When looking at the self-service password reset settings within the tenant this organization choose to disable SSPR for administrator accounts.

The SSPR policies were applied to all users.

 

 

The prompt that is being displayed was due to the conflicting settings between the scope of SSPR application and administrators being excluded from the policy. When the administrator policy has been disabled the self-service password reset settings need to be changed to “selected” and applied to a group that does not include administrator accounts.
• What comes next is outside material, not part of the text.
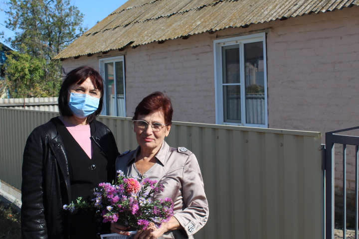 Поздравление профкомом учителя Ляшенко Л.М. на заслуженном отдыхе

The other method to mitigate this issue is to migrate from legacy per user MFA and self-service password reset to new authentication policies. The new authentication policies allow more fine-grained control of authentication methods and groups / users are applicable too. How to migrate to the Authentication methods policy – Microsoft Entra | Microsoft Learn

 

My suggestion in this case was to set up a custom attribute on administrator accounts. Using an Azure dynamic group all users where the custom attribute was not present were added to the group. This group was then selected for targeted self-service password reset application. This removed the all scope and excluded administrators from SSPR application.